Stored data entries

════════

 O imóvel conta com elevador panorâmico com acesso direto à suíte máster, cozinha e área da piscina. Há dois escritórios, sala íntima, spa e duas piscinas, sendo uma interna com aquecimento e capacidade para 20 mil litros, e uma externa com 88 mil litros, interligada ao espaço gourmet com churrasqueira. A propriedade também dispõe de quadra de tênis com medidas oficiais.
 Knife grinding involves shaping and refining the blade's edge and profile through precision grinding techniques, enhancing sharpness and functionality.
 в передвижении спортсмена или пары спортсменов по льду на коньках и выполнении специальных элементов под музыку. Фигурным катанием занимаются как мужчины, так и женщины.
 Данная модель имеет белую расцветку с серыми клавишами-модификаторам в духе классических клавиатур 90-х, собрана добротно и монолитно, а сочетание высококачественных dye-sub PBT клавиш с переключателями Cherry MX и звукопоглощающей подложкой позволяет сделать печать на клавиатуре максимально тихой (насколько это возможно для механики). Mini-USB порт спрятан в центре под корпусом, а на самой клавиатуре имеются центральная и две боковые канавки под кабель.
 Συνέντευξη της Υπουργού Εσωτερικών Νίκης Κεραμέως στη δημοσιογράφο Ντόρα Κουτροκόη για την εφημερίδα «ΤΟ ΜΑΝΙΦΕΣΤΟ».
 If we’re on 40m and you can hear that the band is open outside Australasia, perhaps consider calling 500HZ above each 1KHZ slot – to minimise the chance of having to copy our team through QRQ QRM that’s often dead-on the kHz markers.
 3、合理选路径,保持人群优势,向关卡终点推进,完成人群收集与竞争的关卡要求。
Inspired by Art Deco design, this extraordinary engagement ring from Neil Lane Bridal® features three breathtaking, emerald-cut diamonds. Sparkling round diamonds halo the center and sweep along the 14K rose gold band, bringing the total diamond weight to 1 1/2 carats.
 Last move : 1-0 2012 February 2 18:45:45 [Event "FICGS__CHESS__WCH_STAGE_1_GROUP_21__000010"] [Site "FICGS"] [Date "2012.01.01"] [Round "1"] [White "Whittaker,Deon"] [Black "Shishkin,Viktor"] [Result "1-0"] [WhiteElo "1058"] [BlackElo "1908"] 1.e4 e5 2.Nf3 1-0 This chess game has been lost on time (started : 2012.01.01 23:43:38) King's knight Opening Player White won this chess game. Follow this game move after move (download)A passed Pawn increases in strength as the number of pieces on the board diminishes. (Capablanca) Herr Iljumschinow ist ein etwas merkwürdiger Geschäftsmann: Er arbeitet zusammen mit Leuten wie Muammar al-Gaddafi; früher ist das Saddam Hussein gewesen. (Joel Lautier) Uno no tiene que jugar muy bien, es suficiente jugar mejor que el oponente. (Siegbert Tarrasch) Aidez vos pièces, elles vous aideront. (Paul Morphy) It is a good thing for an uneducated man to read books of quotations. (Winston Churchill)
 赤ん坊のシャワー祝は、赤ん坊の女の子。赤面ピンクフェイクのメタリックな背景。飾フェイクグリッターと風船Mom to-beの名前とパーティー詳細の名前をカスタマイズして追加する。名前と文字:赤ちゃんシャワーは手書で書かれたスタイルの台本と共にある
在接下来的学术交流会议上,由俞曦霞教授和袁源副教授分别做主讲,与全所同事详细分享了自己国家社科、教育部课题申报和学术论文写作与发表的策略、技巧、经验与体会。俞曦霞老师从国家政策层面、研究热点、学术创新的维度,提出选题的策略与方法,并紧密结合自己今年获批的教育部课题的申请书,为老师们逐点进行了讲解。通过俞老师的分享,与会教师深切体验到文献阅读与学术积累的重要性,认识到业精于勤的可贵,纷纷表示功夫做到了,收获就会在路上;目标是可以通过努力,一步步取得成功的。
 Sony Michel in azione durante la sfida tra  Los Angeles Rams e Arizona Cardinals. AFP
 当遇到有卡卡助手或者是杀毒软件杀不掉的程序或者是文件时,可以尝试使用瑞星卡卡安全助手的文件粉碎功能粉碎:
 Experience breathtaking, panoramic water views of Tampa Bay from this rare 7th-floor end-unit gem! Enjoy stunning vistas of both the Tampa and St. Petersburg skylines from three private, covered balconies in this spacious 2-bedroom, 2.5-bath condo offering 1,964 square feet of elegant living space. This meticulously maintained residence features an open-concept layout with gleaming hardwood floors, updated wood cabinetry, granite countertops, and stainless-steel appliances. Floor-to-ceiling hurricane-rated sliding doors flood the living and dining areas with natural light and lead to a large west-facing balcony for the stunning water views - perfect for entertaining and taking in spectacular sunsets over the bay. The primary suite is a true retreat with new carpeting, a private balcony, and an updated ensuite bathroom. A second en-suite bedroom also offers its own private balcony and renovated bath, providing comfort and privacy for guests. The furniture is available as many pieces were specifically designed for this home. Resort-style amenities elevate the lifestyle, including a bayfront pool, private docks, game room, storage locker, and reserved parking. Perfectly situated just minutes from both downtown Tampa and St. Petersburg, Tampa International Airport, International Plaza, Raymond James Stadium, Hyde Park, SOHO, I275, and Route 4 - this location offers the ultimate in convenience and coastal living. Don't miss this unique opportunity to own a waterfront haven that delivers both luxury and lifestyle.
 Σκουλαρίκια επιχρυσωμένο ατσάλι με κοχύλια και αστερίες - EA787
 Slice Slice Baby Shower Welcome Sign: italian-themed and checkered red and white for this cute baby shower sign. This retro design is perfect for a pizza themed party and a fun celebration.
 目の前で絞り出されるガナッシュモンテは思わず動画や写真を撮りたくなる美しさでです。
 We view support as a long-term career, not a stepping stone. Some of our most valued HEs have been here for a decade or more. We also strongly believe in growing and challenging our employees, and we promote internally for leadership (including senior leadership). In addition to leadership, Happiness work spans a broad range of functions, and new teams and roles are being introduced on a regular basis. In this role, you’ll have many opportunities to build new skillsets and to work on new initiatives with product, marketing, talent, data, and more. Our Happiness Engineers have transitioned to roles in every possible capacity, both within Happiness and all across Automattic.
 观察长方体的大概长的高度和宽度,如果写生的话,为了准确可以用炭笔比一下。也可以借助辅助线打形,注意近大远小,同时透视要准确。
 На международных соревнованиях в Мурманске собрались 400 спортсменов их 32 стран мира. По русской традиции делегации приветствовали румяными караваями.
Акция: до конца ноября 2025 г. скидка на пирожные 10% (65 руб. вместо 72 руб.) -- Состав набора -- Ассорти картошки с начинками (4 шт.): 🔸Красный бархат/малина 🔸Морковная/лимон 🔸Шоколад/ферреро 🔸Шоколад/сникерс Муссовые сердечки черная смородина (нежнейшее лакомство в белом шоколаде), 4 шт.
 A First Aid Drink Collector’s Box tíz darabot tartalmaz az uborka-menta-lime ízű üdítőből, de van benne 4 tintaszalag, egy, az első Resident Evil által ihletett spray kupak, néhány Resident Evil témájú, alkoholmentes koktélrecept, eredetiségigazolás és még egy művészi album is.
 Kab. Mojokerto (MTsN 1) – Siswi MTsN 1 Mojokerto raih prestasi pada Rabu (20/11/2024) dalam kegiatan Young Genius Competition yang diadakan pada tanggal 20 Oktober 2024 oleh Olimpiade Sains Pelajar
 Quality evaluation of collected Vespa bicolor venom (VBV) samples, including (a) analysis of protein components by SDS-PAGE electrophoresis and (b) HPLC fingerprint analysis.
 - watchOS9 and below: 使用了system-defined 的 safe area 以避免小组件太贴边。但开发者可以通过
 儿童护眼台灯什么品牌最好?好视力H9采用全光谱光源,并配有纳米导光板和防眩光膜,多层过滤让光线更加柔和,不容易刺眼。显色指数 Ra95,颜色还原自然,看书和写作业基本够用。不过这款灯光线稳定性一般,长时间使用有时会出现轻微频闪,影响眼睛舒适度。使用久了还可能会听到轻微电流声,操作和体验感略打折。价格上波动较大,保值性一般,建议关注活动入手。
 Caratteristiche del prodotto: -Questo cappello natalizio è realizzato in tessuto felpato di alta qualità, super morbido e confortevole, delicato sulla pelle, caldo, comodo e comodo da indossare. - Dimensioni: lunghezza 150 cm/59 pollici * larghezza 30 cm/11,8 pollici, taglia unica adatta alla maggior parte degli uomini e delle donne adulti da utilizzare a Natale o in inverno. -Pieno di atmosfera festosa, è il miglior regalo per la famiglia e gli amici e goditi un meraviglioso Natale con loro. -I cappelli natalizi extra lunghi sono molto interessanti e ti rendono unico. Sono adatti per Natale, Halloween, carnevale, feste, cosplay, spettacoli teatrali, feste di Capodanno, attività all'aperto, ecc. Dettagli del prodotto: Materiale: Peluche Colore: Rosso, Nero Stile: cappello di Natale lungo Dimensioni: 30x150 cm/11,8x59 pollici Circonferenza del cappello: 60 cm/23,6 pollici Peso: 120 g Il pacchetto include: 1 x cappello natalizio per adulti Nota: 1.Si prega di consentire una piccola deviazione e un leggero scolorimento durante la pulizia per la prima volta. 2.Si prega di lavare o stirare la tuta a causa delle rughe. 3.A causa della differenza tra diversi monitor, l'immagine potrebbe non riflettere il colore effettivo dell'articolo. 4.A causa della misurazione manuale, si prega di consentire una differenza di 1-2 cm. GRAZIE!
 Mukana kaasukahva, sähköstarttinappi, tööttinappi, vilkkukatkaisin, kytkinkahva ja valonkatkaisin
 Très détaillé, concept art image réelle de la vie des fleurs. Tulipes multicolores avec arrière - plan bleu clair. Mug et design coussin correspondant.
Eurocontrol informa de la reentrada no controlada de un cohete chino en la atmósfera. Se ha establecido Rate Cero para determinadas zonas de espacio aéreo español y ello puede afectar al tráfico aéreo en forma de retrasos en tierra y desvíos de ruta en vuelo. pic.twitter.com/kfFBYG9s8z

════════

_PROBLEM REQUIREMENTS_:
Word for word, restate the lines of the data above that fall between the line holding "Kab. Mojokerto (MTsN" and the line holding "kytkinkahva ja valonkatkaisin", inclusive, and no other lines.

_COMPLETED EXERCISE_:
 Kab. Mojokerto (MTsN 1) – Siswi MTsN 1 Mojokerto raih prestasi pada Rabu (20/11/2024) dalam kegiatan Young Genius Competition yang diadakan pada tanggal 20 Oktober 2024 oleh Olimpiade Sains Pelajar
 Quality evaluation of collected Vespa bicolor venom (VBV) samples, including (a) analysis of protein components by SDS-PAGE electrophoresis and (b) HPLC fingerprint analysis.
 - watchOS9 and below: 使用了system-defined 的 safe area 以避免小组件太贴边。但开发者可以通过
 儿童护眼台灯什么品牌最好?好视力H9采用全光谱光源,并配有纳米导光板和防眩光膜,多层过滤让光线更加柔和,不容易刺眼。显色指数 Ra95,颜色还原自然,看书和写作业基本够用。不过这款灯光线稳定性一般,长时间使用有时会出现轻微频闪,影响眼睛舒适度。使用久了还可能会听到轻微电流声,操作和体验感略打折。价格上波动较大,保值性一般,建议关注活动入手。
 Caratteristiche del prodotto: -Questo cappello natalizio è realizzato in tessuto felpato di alta qualità, super morbido e confortevole, delicato sulla pelle, caldo, comodo e comodo da indossare. - Dimensioni: lunghezza 150 cm/59 pollici * larghezza 30 cm/11,8 pollici, taglia unica adatta alla maggior parte degli uomini e delle donne adulti da utilizzare a Natale o in inverno. -Pieno di atmosfera festosa, è il miglior regalo per la famiglia e gli amici e goditi un meraviglioso Natale con loro. -I cappelli natalizi extra lunghi sono molto interessanti e ti rendono unico. Sono adatti per Natale, Halloween, carnevale, feste, cosplay, spettacoli teatrali, feste di Capodanno, attività all'aperto, ecc. Dettagli del prodotto: Materiale: Peluche Colore: Rosso, Nero Stile: cappello di Natale lungo Dimensioni: 30x150 cm/11,8x59 pollici Circonferenza del cappello: 60 cm/23,6 pollici Peso: 120 g Il pacchetto include: 1 x cappello natalizio per adulti Nota: 1.Si prega di consentire una piccola deviazione e un leggero scolorimento durante la pulizia per la prima volta. 2.Si prega di lavare o stirare la tuta a causa delle rughe. 3.A causa della differenza tra diversi monitor, l'immagine potrebbe non riflettere il colore effettivo dell'articolo. 4.A causa della misurazione manuale, si prega di consentire una differenza di 1-2 cm. GRAZIE!
 Mukana kaasukahva, sähköstarttinappi, tööttinappi, vilkkukatkaisin, kytkinkahva ja valonkatkaisin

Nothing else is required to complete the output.